Start off with the obvious Ansatz, $$ \psi(x) = \begin{cases} A e^{\kappa x} & x<-a \\ B e^{\kappa x} + Ce^{-\kappa x} & -a<x<a \\ D e^{-\kappa x} & a<x \end{cases} $$ and then set up the boundary conditions, \begin{align} Ae^{-\kappa a} & = Be^{-\kappa a}+Ce^{\kappa a} \\ Be^{\kappa a}+Ce^{-\kappa a} & = De^{-\kappa a} \end{align} from the continuity of $\psi$ and \begin{align} B\kappa e^{-\kappa a}-C\kappa e^{\kappa a} - A\kappa e^{-\kappa a} & = -\alpha Ae^{-\kappa a}-\alpha Be^{-\kappa a}-\alpha Ce^{\kappa a} \\ -D\kappa e^{-\kappa a} - B \kappa e^{\kappa a} + C \kappa e^{-\kappa a} & = -D \alpha e^{-\kappa a} - B\alpha e^{\kappa a} - C\alpha e^{-\kappa a} \end{align} from $\psi'(\pm a^+)-\psi'(\pm a^-)=-2\alpha \psi(\pm a)= -\alpha[\psi(\pm a^+)+\psi(\pm a^-)]$ (assuming $\hbar=m=1$), using the latter form to keep things symmetric.

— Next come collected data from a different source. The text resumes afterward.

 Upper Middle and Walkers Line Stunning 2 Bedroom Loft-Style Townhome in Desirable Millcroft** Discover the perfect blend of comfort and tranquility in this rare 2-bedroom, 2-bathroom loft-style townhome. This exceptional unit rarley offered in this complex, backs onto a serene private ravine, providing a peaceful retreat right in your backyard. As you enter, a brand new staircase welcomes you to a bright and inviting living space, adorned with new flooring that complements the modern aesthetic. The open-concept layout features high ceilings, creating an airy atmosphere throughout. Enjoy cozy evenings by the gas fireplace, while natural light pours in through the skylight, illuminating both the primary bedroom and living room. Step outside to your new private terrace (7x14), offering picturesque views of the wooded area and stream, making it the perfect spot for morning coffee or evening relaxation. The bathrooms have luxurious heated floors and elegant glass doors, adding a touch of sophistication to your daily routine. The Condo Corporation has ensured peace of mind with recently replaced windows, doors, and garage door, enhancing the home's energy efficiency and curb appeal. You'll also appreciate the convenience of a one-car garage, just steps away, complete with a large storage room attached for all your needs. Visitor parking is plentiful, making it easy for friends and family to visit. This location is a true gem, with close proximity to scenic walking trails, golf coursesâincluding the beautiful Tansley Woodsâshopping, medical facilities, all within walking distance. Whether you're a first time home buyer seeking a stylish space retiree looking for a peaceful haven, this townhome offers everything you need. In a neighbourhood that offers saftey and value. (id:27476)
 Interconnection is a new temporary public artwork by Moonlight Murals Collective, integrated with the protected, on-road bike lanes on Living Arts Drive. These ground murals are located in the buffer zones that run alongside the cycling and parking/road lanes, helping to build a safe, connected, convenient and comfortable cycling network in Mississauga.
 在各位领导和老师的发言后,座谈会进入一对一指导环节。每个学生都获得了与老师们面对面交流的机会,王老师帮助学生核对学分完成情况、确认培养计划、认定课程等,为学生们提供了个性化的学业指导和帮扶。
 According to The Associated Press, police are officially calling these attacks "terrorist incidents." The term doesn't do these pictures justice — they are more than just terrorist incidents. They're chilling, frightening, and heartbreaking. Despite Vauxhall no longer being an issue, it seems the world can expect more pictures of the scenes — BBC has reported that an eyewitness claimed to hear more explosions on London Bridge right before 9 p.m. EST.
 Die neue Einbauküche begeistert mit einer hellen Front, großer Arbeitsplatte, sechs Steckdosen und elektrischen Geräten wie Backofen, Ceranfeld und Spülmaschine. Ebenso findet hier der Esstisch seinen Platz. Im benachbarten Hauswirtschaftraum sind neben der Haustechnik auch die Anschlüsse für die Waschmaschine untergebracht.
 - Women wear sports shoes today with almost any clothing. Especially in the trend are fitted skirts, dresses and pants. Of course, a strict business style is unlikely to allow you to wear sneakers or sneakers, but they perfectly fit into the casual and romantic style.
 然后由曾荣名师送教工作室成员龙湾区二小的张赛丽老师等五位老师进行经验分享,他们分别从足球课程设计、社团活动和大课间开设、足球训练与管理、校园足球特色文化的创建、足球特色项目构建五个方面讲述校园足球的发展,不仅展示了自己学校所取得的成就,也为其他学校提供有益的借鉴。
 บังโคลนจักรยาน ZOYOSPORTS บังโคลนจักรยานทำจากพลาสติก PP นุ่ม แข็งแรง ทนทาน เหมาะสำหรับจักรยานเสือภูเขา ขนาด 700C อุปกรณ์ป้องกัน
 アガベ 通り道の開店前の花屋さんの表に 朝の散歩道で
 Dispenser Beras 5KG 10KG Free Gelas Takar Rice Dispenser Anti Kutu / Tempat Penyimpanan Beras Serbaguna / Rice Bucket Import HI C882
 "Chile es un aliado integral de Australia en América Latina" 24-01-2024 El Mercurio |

Now, putting everything into a single system, you get \begin{align} & Ae^{-\kappa a} &- Be^{-\kappa a}&-Ce^{\kappa a}& & = 0 \\ & & Be^{\kappa a}&+Ce^{-\kappa a} &- De^{-\kappa a}& = 0 \\ & A(\alpha-\kappa) e^{-\kappa a}&+ B(\alpha+\kappa)e^{-\kappa a}&+C(\alpha-\kappa)e^{\kappa a} & & = 0 \\ & & B(\alpha-\kappa) e^{\kappa a} &+ C(\alpha+\kappa) e^{-\kappa a} &+ D (\alpha-\kappa) e^{-\kappa a} & = 0 \end{align} which in matrix form reads $$ \begin{pmatrix} e^{-\kappa a} &- e^{-\kappa a}&-e^{\kappa a}& 0 \\ 0 & e^{\kappa a}&e^{-\kappa a} &- e^{-\kappa a}\\ (\alpha-\kappa) e^{-\kappa a}& (\alpha+\kappa)e^{-\kappa a}&(\alpha-\kappa)e^{\kappa a} & 0 \\ 0 & (\alpha-\kappa) e^{\kappa a} &(\alpha+\kappa) e^{-\kappa a} & (\alpha-\kappa) e^{-\kappa a} \end{pmatrix} \begin{pmatrix} A \\ B \\ C \\ D \end{pmatrix} =0. $$ This only has trivial zero solutions if the system is nonsingular, so you need $$ \det\mathopen{} \begin{pmatrix} e^{-\kappa a} &- e^{-\kappa a}&-e^{\kappa a}& 0 \\ 0 & e^{\kappa a}&e^{-\kappa a} &- e^{\kappa a}\\ (\alpha-\kappa) e^{-\kappa a}& (\alpha+\kappa)e^{-\kappa a}&(\alpha-\kappa)e^{\kappa a} & 0 \\ 0 & (\alpha-\kappa) e^{\kappa a} &(\alpha+\kappa) e^{-\kappa a} & (\alpha-\kappa) e^{-\kappa a} \end{pmatrix} \mathclose{} =0, \tag 1 $$ and this is the core of your quantization condition. From there, it's up to you to massage this expression down to whatever your specific goal is.

That said, it's definitely worth connecting this brute-force result with what you would have gotten if you had banked on a definite even or odd symmetry from the outset. To do that, note that for parity $\pm 1$, you can obtain your vector of coefficients from a smaller one by means of a rectangular matrix, $$ \begin{pmatrix} A \\ B \\ C \\ D \end{pmatrix} = \begin{pmatrix} A \\ B \\ \pm B \\ D \end{pmatrix} = \begin{pmatrix} 1 & 0 & 0 \\ 0 & 1 & 0 \\ 0 & \pm 1 & 0 \\ 0 & 0 & 1 \end{pmatrix} \begin{pmatrix} A \\ B \\ D \end{pmatrix} , \tag 2 $$ so you can just dot the matrix in $(1)$ with the rectangular matrix in $(2)$ (and just take the first three rows to trim to a 3-by-3 square) before taking the determinant.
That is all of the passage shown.